* _YOUR INSTRUCTIONS_
Every line of the material below should be copied exactly.

* _RECORD EXTRACTS_
- - - - - - -

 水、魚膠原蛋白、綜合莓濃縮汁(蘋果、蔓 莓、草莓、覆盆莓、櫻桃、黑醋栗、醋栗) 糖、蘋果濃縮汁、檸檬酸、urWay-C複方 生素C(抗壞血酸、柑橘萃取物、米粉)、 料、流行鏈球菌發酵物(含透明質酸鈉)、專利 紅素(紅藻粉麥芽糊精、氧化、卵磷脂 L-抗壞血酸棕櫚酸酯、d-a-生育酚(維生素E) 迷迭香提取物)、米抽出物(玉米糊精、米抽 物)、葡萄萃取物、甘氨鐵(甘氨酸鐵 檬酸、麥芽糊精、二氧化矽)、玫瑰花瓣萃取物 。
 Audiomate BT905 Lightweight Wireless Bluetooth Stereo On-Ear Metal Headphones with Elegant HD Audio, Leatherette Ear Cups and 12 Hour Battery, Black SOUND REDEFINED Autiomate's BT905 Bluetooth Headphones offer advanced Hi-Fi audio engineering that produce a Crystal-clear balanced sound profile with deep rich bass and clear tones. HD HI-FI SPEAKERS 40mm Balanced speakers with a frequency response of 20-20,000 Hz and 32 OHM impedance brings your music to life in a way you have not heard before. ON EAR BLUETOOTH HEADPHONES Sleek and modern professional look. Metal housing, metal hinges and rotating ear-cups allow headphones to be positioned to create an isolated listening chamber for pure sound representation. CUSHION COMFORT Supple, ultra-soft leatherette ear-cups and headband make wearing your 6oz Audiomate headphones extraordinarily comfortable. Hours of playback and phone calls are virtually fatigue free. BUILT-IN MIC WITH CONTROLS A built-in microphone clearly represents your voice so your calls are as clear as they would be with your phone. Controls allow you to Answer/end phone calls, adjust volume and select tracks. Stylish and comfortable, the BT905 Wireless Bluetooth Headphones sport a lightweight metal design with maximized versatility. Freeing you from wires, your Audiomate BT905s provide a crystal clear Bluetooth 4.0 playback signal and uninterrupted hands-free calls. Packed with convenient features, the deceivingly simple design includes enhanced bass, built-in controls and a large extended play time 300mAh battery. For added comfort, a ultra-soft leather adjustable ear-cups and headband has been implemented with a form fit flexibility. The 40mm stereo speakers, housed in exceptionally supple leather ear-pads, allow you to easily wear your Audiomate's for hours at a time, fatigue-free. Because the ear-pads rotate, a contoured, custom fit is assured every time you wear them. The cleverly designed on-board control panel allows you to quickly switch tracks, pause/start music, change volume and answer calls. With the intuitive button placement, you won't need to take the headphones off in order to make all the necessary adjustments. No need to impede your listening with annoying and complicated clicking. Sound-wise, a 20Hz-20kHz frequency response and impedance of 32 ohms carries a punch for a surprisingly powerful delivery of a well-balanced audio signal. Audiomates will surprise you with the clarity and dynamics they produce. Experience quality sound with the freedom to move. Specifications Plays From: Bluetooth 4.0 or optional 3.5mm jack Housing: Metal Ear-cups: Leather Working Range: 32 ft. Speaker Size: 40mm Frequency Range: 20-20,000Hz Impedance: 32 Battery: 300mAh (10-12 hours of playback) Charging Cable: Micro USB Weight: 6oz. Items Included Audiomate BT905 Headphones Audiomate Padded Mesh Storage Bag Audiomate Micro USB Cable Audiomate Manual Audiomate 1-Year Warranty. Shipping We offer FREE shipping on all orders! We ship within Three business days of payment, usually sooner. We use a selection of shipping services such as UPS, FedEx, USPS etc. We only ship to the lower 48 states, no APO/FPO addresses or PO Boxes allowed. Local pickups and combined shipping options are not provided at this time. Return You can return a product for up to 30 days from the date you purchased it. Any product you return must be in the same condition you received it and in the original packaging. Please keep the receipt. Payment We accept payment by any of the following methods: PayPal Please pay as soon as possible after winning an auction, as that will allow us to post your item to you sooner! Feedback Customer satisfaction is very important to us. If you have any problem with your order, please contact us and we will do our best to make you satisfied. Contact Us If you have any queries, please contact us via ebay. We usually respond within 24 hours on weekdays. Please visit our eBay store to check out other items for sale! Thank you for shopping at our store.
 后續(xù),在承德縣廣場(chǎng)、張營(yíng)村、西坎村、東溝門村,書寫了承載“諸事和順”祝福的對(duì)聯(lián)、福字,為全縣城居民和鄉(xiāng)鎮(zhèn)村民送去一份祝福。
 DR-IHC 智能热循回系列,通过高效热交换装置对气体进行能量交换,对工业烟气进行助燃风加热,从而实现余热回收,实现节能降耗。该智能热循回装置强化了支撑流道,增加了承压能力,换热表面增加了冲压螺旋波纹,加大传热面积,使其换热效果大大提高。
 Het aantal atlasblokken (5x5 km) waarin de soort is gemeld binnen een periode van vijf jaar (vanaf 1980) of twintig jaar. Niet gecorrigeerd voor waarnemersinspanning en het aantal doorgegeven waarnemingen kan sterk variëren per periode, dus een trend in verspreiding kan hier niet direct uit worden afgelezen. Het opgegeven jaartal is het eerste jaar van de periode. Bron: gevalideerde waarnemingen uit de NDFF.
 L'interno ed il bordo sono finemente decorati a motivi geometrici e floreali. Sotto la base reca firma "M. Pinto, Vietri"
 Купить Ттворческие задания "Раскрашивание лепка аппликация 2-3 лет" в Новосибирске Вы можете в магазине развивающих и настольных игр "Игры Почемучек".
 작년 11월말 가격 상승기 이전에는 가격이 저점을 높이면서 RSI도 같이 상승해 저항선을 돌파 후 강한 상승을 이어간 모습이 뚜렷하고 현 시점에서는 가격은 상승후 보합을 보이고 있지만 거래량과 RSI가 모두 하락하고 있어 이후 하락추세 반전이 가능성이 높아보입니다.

- - - - - - -

* _EXERCISE RESPONSE_
 水、魚膠原蛋白、綜合莓濃縮汁(蘋果、蔓 莓、草莓、覆盆莓、櫻桃、黑醋栗、醋栗) 糖、蘋果濃縮汁、檸檬酸、urWay-C複方 生素C(抗壞血酸、柑橘萃取物、米粉)、 料、流行鏈球菌發酵物(含透明質酸鈉)、專利 紅素(紅藻粉麥芽糊精、氧化、卵磷脂 L-抗壞血酸棕櫚酸酯、d-a-生育酚(維生素E) 迷迭香提取物)、米抽出物(玉米糊精、米抽 物)、葡萄萃取物、甘氨鐵(甘氨酸鐵 檬酸、麥芽糊精、二氧化矽)、玫瑰花瓣萃取物 。
 Audiomate BT905 Lightweight Wireless Bluetooth Stereo On-Ear Metal Headphones with Elegant HD Audio, Leatherette Ear Cups and 12 Hour Battery, Black SOUND REDEFINED Autiomate's BT905 Bluetooth Headphones offer advanced Hi-Fi audio engineering that produce a Crystal-clear balanced sound profile with deep rich bass and clear tones. HD HI-FI SPEAKERS 40mm Balanced speakers with a frequency response of 20-20,000 Hz and 32 OHM impedance brings your music to life in a way you have not heard before. ON EAR BLUETOOTH HEADPHONES Sleek and modern professional look. Metal housing, metal hinges and rotating ear-cups allow headphones to be positioned to create an isolated listening chamber for pure sound representation. CUSHION COMFORT Supple, ultra-soft leatherette ear-cups and headband make wearing your 6oz Audiomate headphones extraordinarily comfortable. Hours of playback and phone calls are virtually fatigue free. BUILT-IN MIC WITH CONTROLS A built-in microphone clearly represents your voice so your calls are as clear as they would be with your phone. Controls allow you to Answer/end phone calls, adjust volume and select tracks. Stylish and comfortable, the BT905 Wireless Bluetooth Headphones sport a lightweight metal design with maximized versatility. Freeing you from wires, your Audiomate BT905s provide a crystal clear Bluetooth 4.0 playback signal and uninterrupted hands-free calls. Packed with convenient features, the deceivingly simple design includes enhanced bass, built-in controls and a large extended play time 300mAh battery. For added comfort, a ultra-soft leather adjustable ear-cups and headband has been implemented with a form fit flexibility. The 40mm stereo speakers, housed in exceptionally supple leather ear-pads, allow you to easily wear your Audiomate's for hours at a time, fatigue-free. Because the ear-pads rotate, a contoured, custom fit is assured every time you wear them. The cleverly designed on-board control panel allows you to quickly switch tracks, pause/start music, change volume and answer calls. With the intuitive button placement, you won't need to take the headphones off in order to make all the necessary adjustments. No need to impede your listening with annoying and complicated clicking. Sound-wise, a 20Hz-20kHz frequency response and impedance of 32 ohms carries a punch for a surprisingly powerful delivery of a well-balanced audio signal. Audiomates will surprise you with the clarity and dynamics they produce. Experience quality sound with the freedom to move. Specifications Plays From: Bluetooth 4.0 or optional 3.5mm jack Housing: Metal Ear-cups: Leather Working Range: 32 ft. Speaker Size: 40mm Frequency Range: 20-20,000Hz Impedance: 32 Battery: 300mAh (10-12 hours of playback) Charging Cable: Micro USB Weight: 6oz. Items Included Audiomate BT905 Headphones Audiomate Padded Mesh Storage Bag Audiomate Micro USB Cable Audiomate Manual Audiomate 1-Year Warranty. Shipping We offer FREE shipping on all orders! We ship within Three business days of payment, usually sooner. We use a selection of shipping services such as UPS, FedEx, USPS etc. We only ship to the lower 48 states, no APO/FPO addresses or PO Boxes allowed. Local pickups and combined shipping options are not provided at this time. Return You can return a product for up to 30 days from the date you purchased it. Any product you return must be in the same condition you received it and in the original packaging. Please keep the receipt. Payment We accept payment by any of the following methods: PayPal Please pay as soon as possible after winning an auction, as that will allow us to post your item to you sooner! Feedback Customer satisfaction is very important to us. If you have any problem with your order, please contact us and we will do our best to make you satisfied. Contact Us If you have any queries, please contact us via ebay. We usually respond within 24 hours on weekdays. Please visit our eBay store to check out other items for sale! Thank you for shopping at our store.
 后續(xù),在承德縣廣場(chǎng)、張營(yíng)村、西坎村、東溝門村,書寫了承載“諸事和順”祝福的對(duì)聯(lián)、福字,為全縣城居民和鄉(xiāng)鎮(zhèn)村民送去一份祝福。
 DR-IHC 智能热循回系列,通过高效热交换装置对气体进行能量交换,对工业烟气进行助燃风加热,从而实现余热回收,实现节能降耗。该智能热循回装置强化了支撑流道,增加了承压能力,换热表面增加了冲压螺旋波纹,加大传热面积,使其换热效果大大提高。
 Het aantal atlasblokken (5x5 km) waarin de soort is gemeld binnen een periode van vijf jaar (vanaf 1980) of twintig jaar. Niet gecorrigeerd voor waarnemersinspanning en het aantal doorgegeven waarnemingen kan sterk variëren per periode, dus een trend in verspreiding kan hier niet direct uit worden afgelezen. Het opgegeven jaartal is het eerste jaar van de periode. Bron: gevalideerde waarnemingen uit de NDFF.
 L'interno ed il bordo sono finemente decorati a motivi geometrici e floreali. Sotto la base reca firma "M. Pinto, Vietri"
 Купить Ттворческие задания "Раскрашивание лепка аппликация 2-3 лет" в Новосибирске Вы можете в магазине развивающих и настольных игр "Игры Почемучек".
 작년 11월말 가격 상승기 이전에는 가격이 저점을 높이면서 RSI도 같이 상승해 저항선을 돌파 후 강한 상승을 이어간 모습이 뚜렷하고 현 시점에서는 가격은 상승후 보합을 보이고 있지만 거래량과 RSI가 모두 하락하고 있어 이후 하락추세 반전이 가능성이 높아보입니다.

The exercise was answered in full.